Beneficial ownership reporting deadline is fast approaching By: National Association of Tax Professionals
September 30, 2024

Barring a federal court intervention, the filing deadline for all businesses created prior to 2024 that are required to file a beneficial ownership information (BOI) report with the Financial Crimes Enforcement Network (FinCEN) is Jan. 1, 2025. While an Arkansas federal judge has found the Corporate Transparency Act (CTA) to be unconstitutional and barred the enforcement of provisions requiring the filing of BOI reports, that decision only bars enforcement against members of the National Small Business Association, which filed the lawsuit.

The Arkansas decision has been appealed to the U.S. Court of Appeals for the 11th Circuit. Some have expected that the appeals court would find that FinCEN has no power to enforce the CTA’s BOI provisions before the reports are due (or at least postpone reporting), but the court has given no indication that it will act before the deadline. As a result, unless they have otherwise been exempted from the reporting requirements by the Arkansas court decision, all businesses that are required to file a report under the CTA should plan on doing do so by Jan. 1, 2025. The civil penalty for reporting violations can be as high as $591 per day.

Who must file a report?

The CTA mandates that BOI reports must be filed with FinCEN by entities created by filing with a secretary of state or similar office in the U.S. This includes S corporations, C corporations and limited liability companies. Sole proprietorships and general partnerships are usually not required to file BOI reports unless they were created by filing a document with the secretary of state or similar office. Foreign companies formed under the laws of other countries must file if they registered to do business in the U.S. by filing with a secretary of state or similar office.

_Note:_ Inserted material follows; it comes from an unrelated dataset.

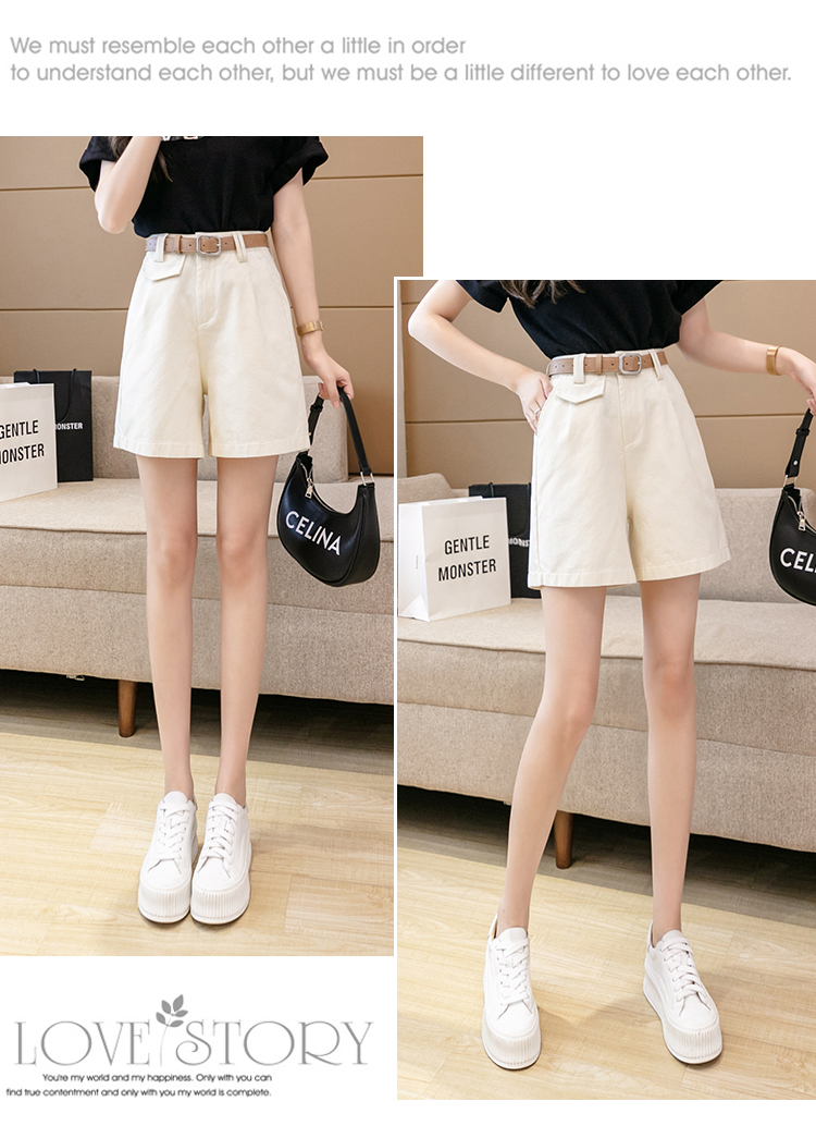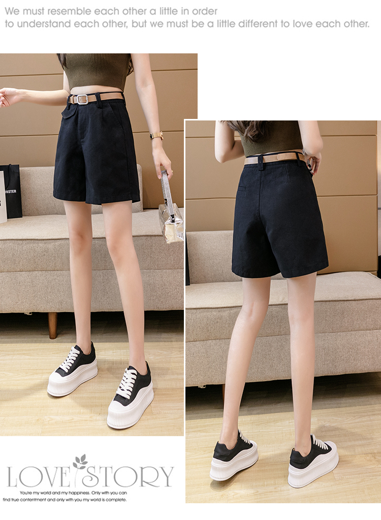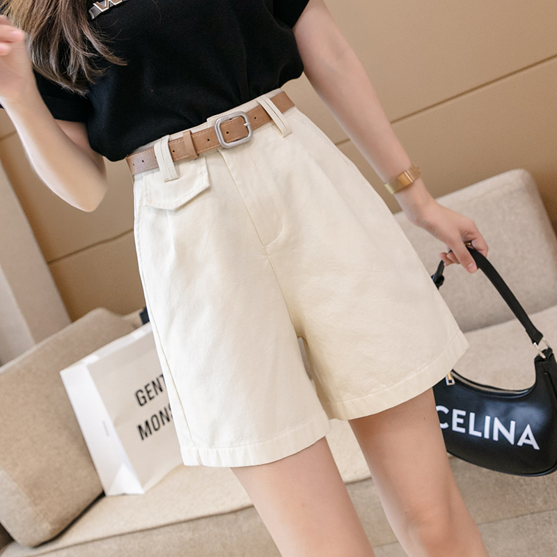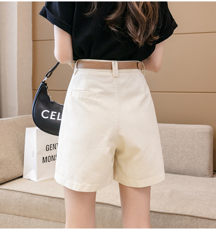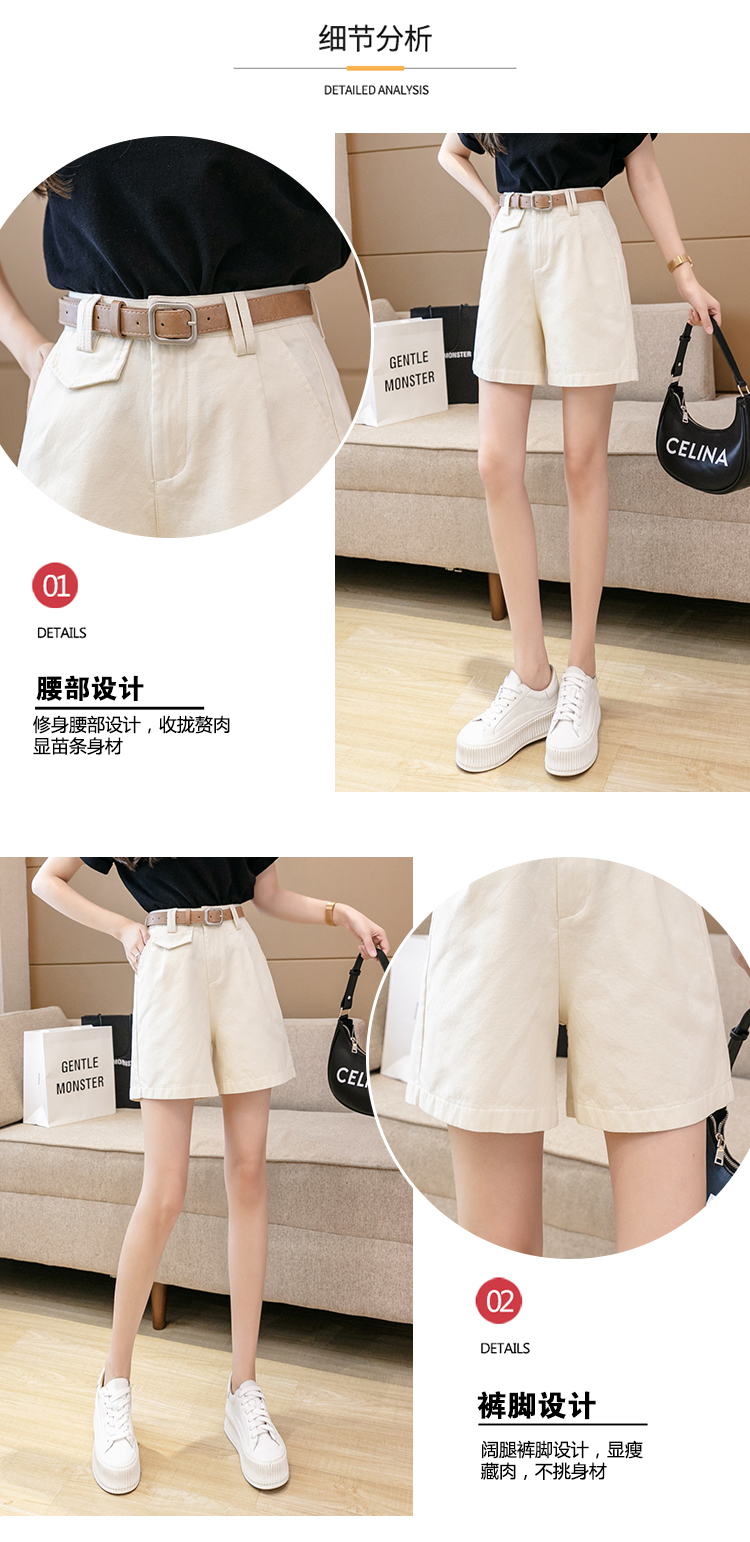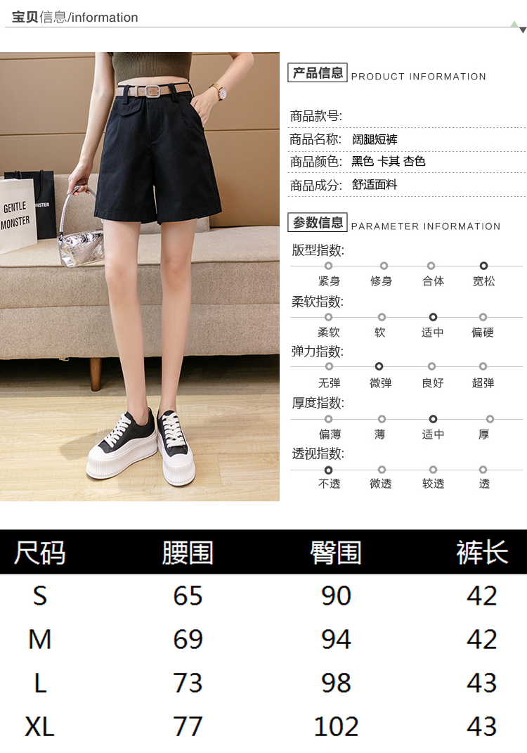 MY17614# 休闲裤百搭工装裤阔腿裤高腰A字短裤腰带中裤外穿女裝貨源服裝批發

All reporting businesses that were created or registered to do business prior to Jan. 1, 2024, must file a BOI report with FinCEN by Jan. 1, 2025. After the initial report has been filed, there is no annual reporting requirement. Reporting companies need only file additional BOI reports when the included information needs to be updated or corrected.

Companies that were created or registered during 2024 must file their initial BOI report with FinCEN within 90 calendar days of receiving actual or public notice that their registration is effective. Those reporting companies that were created or registered on or after Jan. 1, 2025, will have 30 days to file their report after receiving actual or public notice that their creation or registration is effective.

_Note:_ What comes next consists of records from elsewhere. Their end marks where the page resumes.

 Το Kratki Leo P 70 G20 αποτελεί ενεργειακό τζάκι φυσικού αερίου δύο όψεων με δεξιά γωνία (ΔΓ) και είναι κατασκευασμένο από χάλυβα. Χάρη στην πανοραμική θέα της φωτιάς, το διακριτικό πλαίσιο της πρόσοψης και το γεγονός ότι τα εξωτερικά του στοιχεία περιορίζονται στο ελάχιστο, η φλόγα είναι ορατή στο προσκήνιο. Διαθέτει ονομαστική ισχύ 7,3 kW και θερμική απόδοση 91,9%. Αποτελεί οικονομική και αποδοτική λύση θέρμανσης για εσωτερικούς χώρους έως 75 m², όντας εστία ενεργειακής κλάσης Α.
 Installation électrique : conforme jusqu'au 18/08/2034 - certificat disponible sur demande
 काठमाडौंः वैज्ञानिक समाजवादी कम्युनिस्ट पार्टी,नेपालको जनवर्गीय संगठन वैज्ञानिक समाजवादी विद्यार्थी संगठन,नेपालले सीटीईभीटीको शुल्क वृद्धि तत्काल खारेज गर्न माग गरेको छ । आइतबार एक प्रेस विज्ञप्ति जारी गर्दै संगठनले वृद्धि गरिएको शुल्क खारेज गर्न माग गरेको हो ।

If you have any questions about which companies are required to file a report, FinCEN maintains an extensive list of FAQs that answer questions related to the filing requirements, including the situations in which entities like homeowners’ associations, nonprofits and business trusts must file.

What must be reported?

Companies that are subject to the CTA’s BOI reporting requirements must identify their beneficial owners whose information must be reported. Generally, reporting companies must provide the following information about their beneficial owner:

  • Name
  • Date of birth
  • Address
  • Identifying number and issuer from a U.S. driver’s license, U.S. passport or an identification document issued by a state, local government or Native American tribe. If the beneficial owner has none of those documents, an unexpired foreign passport may be used.

The reporting company must also provide information about itself, such as its name and address.

Who is a beneficial owner?

A beneficial owner must be an individual. The beneficial owner who must be named in a BOI report is a person who either directly or indirectly:

  • Exercises substantial control over the reporting company
  • Owners or controls at least 25% of the reporting company’s ownership interests

Legal entities, such as trusts or corporations, can’t be beneficial owners. However, in specific circumstances, information about an entity may be reported in lieu of information about the beneficial owner.

Beware of BOI reporting scams

FinCEN has issued an alert to notify the public that it has received reports of fraudulent attempts to solicit information from individuals and entities that may be subject to BOI reporting requirements. Reported scams include:

  • Correspondence seeking payment. There are no fees for filing a BOI report directly with FinCEN and the agency does not send out correspondence requesting payment for filing a report.
  • Emails or letters asking the recipient to click on a URL or scan a QR code. FinCEN is warning individuals that they should not click on any suspicious links or attachments on websites or unsolicited mailings.
  • Correspondence referencing “Form 4022” or an important compliance notice. FinCEN does not have a Form 4022, and any forms included in this correspondence are fraudulent and should not be completed.
  • Correspondence or other documents that reference the “U.S. Business Regulations Dept.” There is no government entity with that name.

Looking for more information on BOI reporting?

If you still have questions about BOI reporting, check out our on-demand webinar on the topic. The webinar is free to NATP’s premium members.

Tax education
BOI reporting
CTA
FinCEN
Beneficial ownership information
Corporate Transparency Act
Financial Crimes Enforcement Network
Read more
Publicly traded partnership interest: what you should know By: National Association of Tax Professionals
September 27, 2024

Most individuals who get involved with publicly traded partnerships (PTPs) do so because the investment was recommended by a broker. You, as the tax pro, need to know how to correctly report this information.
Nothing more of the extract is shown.